*** Opening of TASK INPUT ***

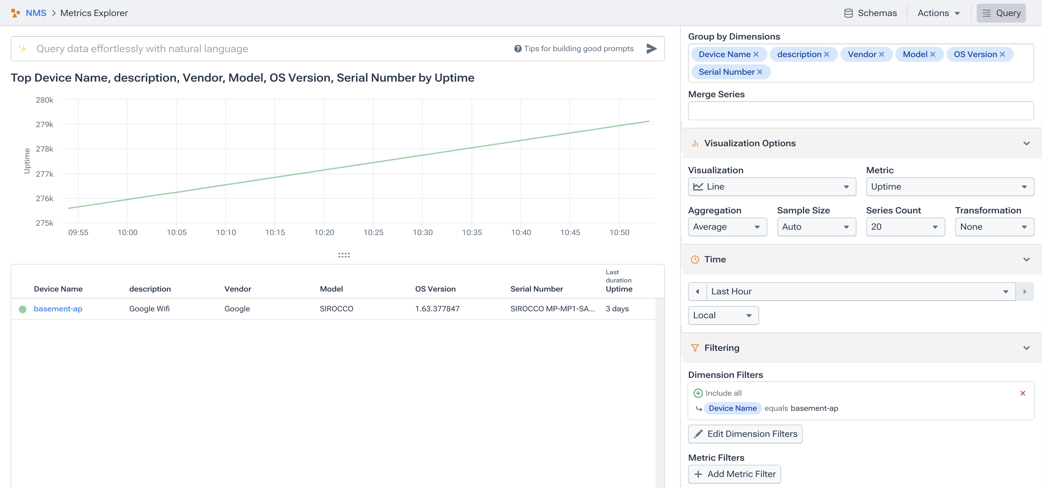 /system,description=Google\ Wifi,device_ip=x.x.x.x,device_name=basement-ap,location=(REDACTED),model=ACjYe,os-version=14150.376.32,serial-number=GALE\ C2E-A2A-A3A-A4A-E5Q,vendor=Google uptime-sec=2801i 1708881351000000000Now I hop over to the Kentik UI, where I am sending the Influx data, and I can see I am collecting the data there as well.
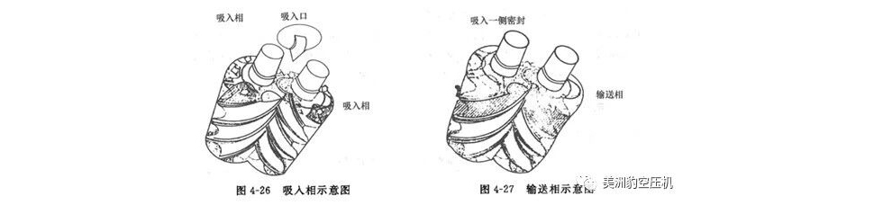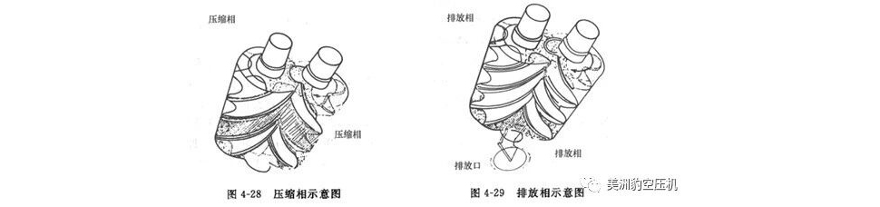 在压缩相示意图(图4—28)中,在进口端两螺杆啮合开始时捕捉的气体体积减小,随着两螺杆逐渐地螺旋运动补充的气体在输送中进入排气端.并在排气端压缩。叶片啮合点螺旋方向运动
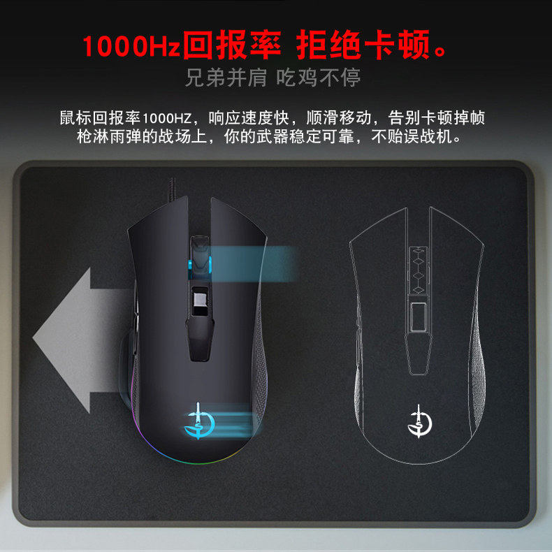 英菲克PW1有线鼠标静音游戏电竞机械宏办公usb台式笔记本电脑专用
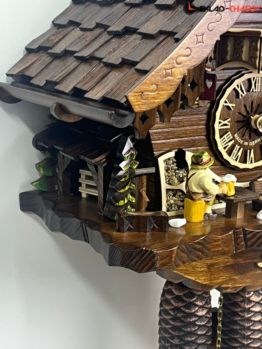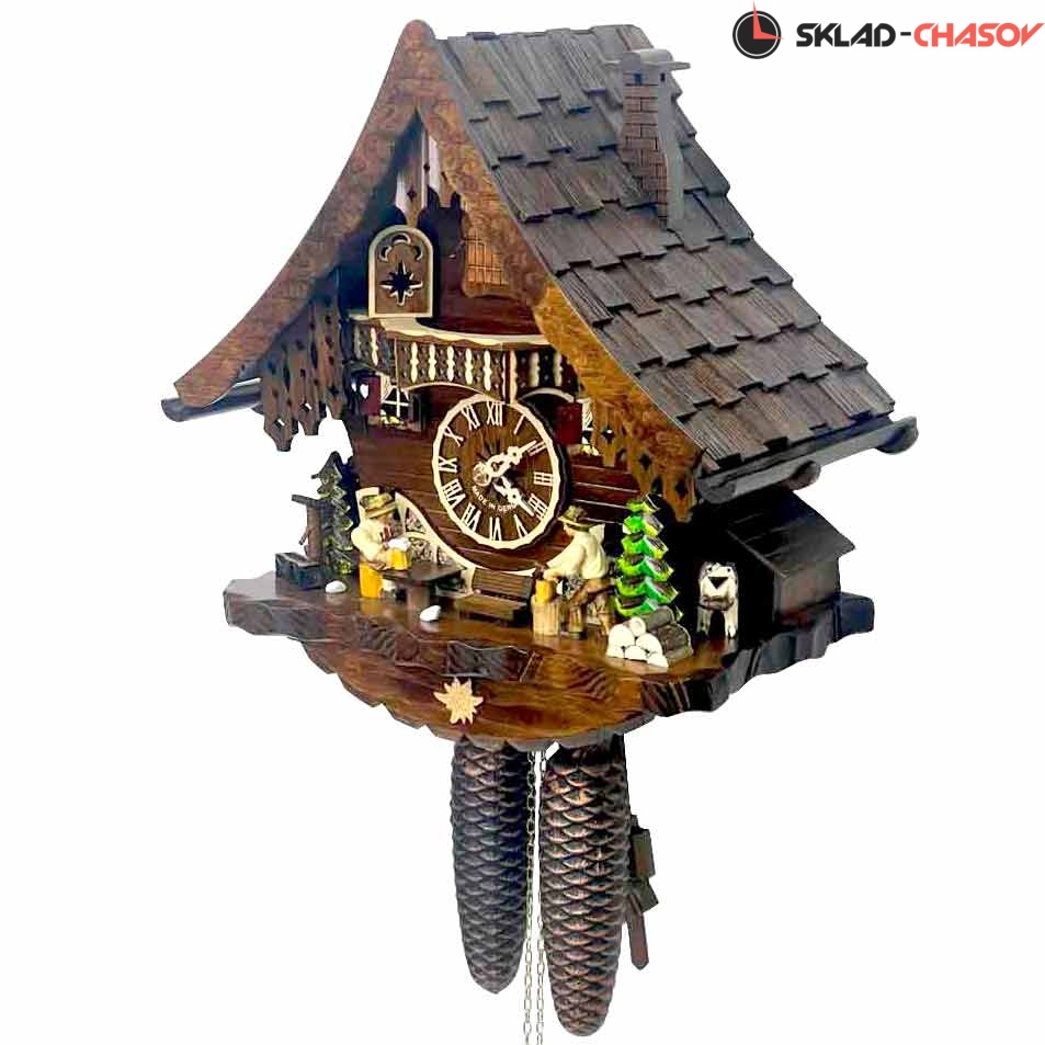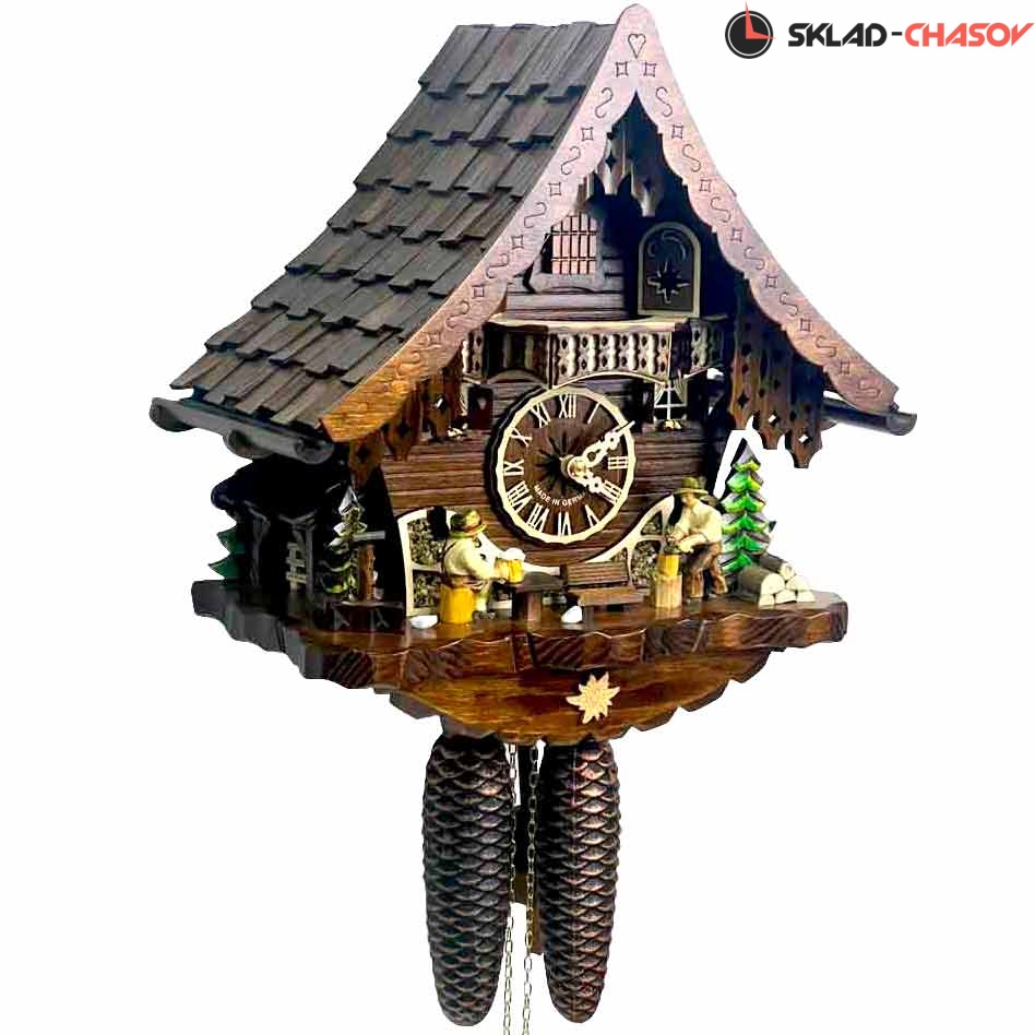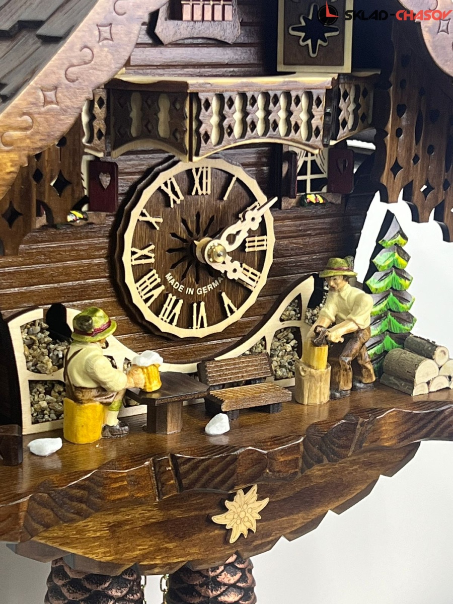 Часы механические с кукушкой SARS 47916/8-90 (Германия) имеют надежный немецкий механизм с заводом 8 дней и безупречное качество сборки и производства. Фасад часов украшает дровосек и человек с кружкой пива, которые двигаются во время кукования. По бокам композиции находятся елочки, собака и водяная колона.
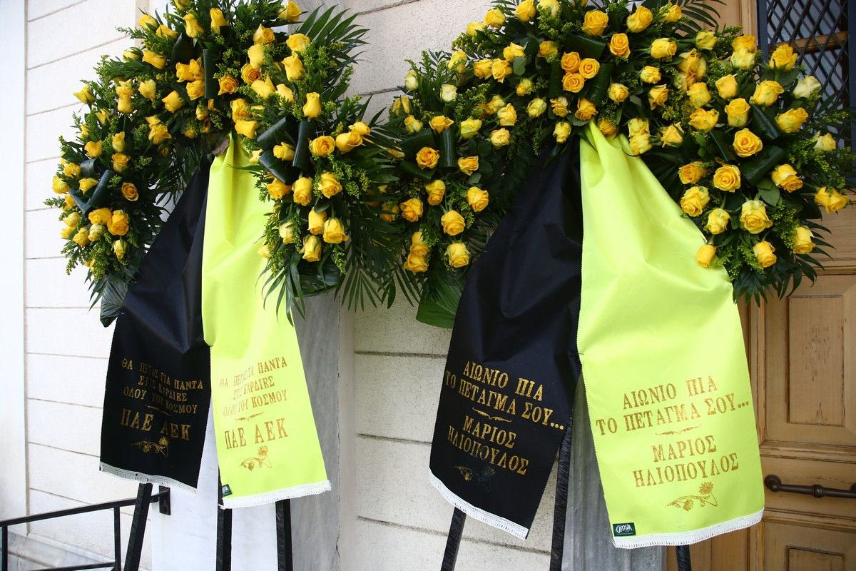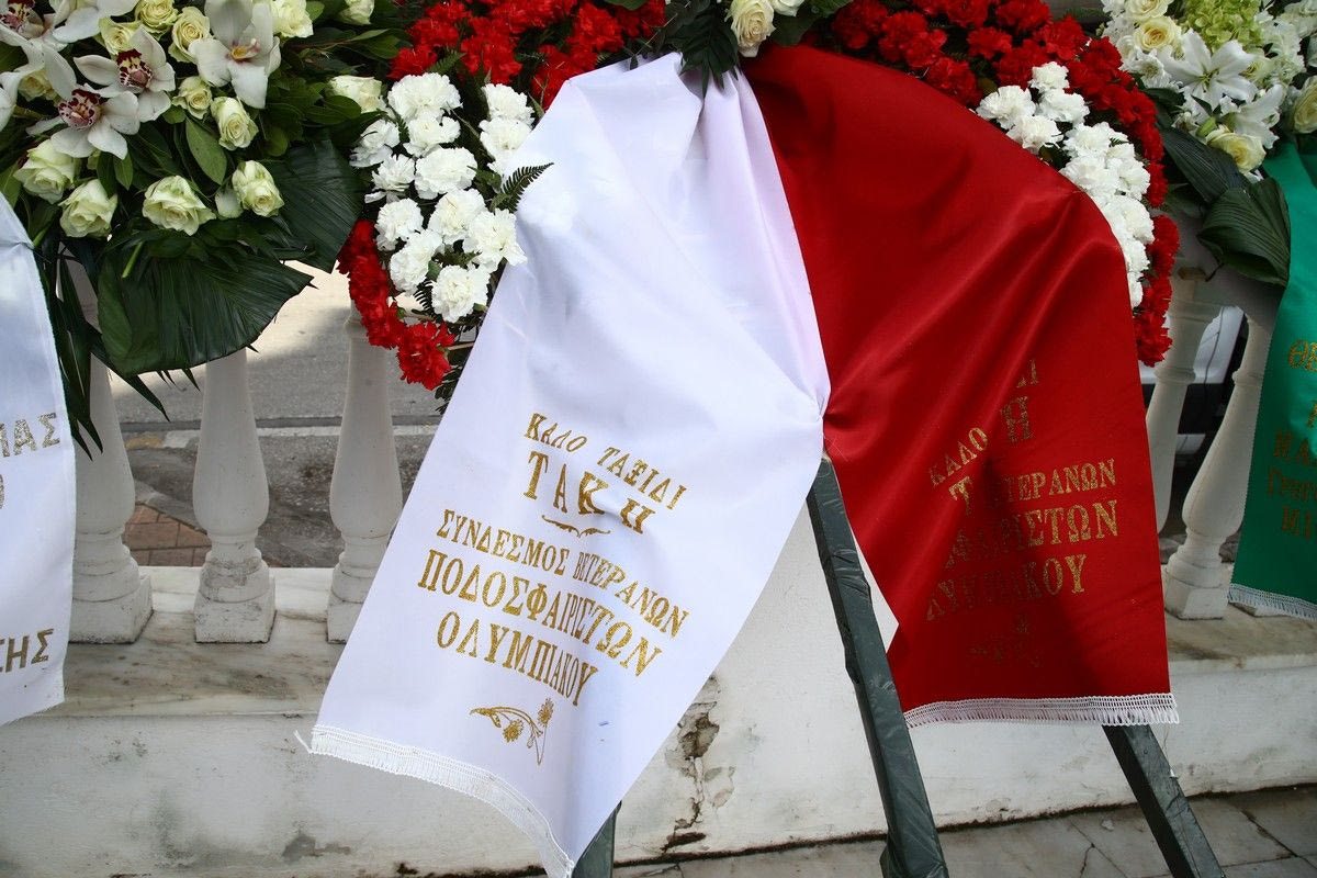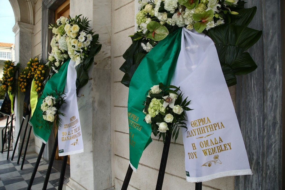 Στεφάνια έστειλαν ο ιστορικός πρόεδρος του Παναθηναϊκού, Γιώργος Βαρδινογιάννης, ο ιδιοκτήτης της πράσινης ΠΑΕ, Γιάννης Αλαφούζος, ο πρώην πρόεδρος της ΠΑΕ Παναθηναϊκός, Νικόλας Πατέρας, ο ισχυρός άνδρας της ΑΕΚ, Μάριος Ηλιόπουλος, η ομάδα Wembley του “τριφυλλιού”, ο Σύνδεσμος Βετεράνων της ΠΑΕ Ολυμπιακός, ο πρόεδρος του Ολυμπιακού Βαγγέλης Μαρινάκης αλλά και το προεδρείο της Super League.

*** Close of TASK INPUT ***

• [GOAL OF THE EXERCISE]
The records above are to be restated word for word, excluding all pictures.

• [WRITTEN SOLUTION]
 /system,description=Google\ Wifi,device_ip=x.x.x.x,device_name=basement-ap,location=(REDACTED),model=ACjYe,os-version=14150.376.32,serial-number=GALE\ C2E-A2A-A3A-A4A-E5Q,vendor=Google uptime-sec=2801i 1708881351000000000Now I hop over to the Kentik UI, where I am sending the Influx data, and I can see I am collecting the data there as well.
 在压缩相示意图(图4—28)中,在进口端两螺杆啮合开始时捕捉的气体体积减小,随着两螺杆逐渐地螺旋运动补充的气体在输送中进入排气端.并在排气端压缩。叶片啮合点螺旋方向运动
 英菲克PW1有线鼠标静音游戏电竞机械宏办公usb台式笔记本电脑专用
 Часы механические с кукушкой SARS 47916/8-90 (Германия) имеют надежный немецкий механизм с заводом 8 дней и безупречное качество сборки и производства. Фасад часов украшает дровосек и человек с кружкой пива, которые двигаются во время кукования. По бокам композиции находятся елочки, собака и водяная колона.
 Στεφάνια έστειλαν ο ιστορικός πρόεδρος του Παναθηναϊκού, Γιώργος Βαρδινογιάννης, ο ιδιοκτήτης της πράσινης ΠΑΕ, Γιάννης Αλαφούζος, ο πρώην πρόεδρος της ΠΑΕ Παναθηναϊκός, Νικόλας Πατέρας, ο ισχυρός άνδρας της ΑΕΚ, Μάριος Ηλιόπουλος, η ομάδα Wembley του “τριφυλλιού”, ο Σύνδεσμος Βετεράνων της ΠΑΕ Ολυμπιακός, ο πρόεδρος του Ολυμπιακού Βαγγέλης Μαρινάκης αλλά και το προεδρείο της Super League.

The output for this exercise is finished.